Removing the memory limits also removes one of ZUN's few error checks, which
end up quitting the game if there isn't at least a given maximum amount of
conventional RAM available. While it might be tempting to reserve enough
memory at the beginning of execution and then never check any allocation for
a potential failure, that's exactly where something like TH04's crash
comes from.
This game is also still running on DOS, where such an initial allocation
failure is very unlikely to happen – no one fills close to half of
conventional RAM with TSRs and then tries running one of these games.

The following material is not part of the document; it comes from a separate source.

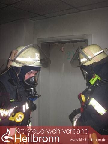 Der Wohnungsinhaberin sind beim Betreten der Wohnung Flammen entgegengeschlagen, sie hat die Wohnungstüre sofort wieder verschlossen und die Anwohner im Gebäude verständigt. Mit mobilen Rauchvorhängen wurde die Rauchausbreitung vom Flur auf die Treppenhäuser verhindert. Ein Trupp unter Atemschutz ging, geschützt durch einen mobilen Rauchabschluss, vom Flur in die Brandwohnung vor. Die angrenzenden Wohnungen wurden mit der Wärmebildkamera kontrolliert. Während des Einsatzes hatten einige Bewohner Rauchgase eingeatmet, 4 Bewohner wurden vorsorglich in Krankenhäuser eingewiesen. Nach dem Belüften konnte ein Teil der Bewohner wieder zurück in ihre Wohnungen, einige sind über Nacht bei Angehörigen untergekommen.

It
might have been useful to detect systems with less than 640 KiB of
actual, physical RAM, but none of the PC-98 models with that little amount
of memory are fast enough to run these games to begin with. How ironic… a
place where ZUN actually added an error check, and then it's mostly
pointless.
Here's an archive that contains both fix variants, just in case. These were
compiled from the th04_noems_crash_fix
and mem_assign_all
branches, and contain as little code changes as possible. Edit (2022-04-18): For TH04, you probably want to download
the 📝 community choice fix package instead,
which contains this fix along with other workarounds for the Divide
error crashes.
2021-11-29-Memory-limit-fixes.zip
So yeah, quite a complex bug, leaving no time for the TH03 scorefile format
research after all. Next up: Raising prices.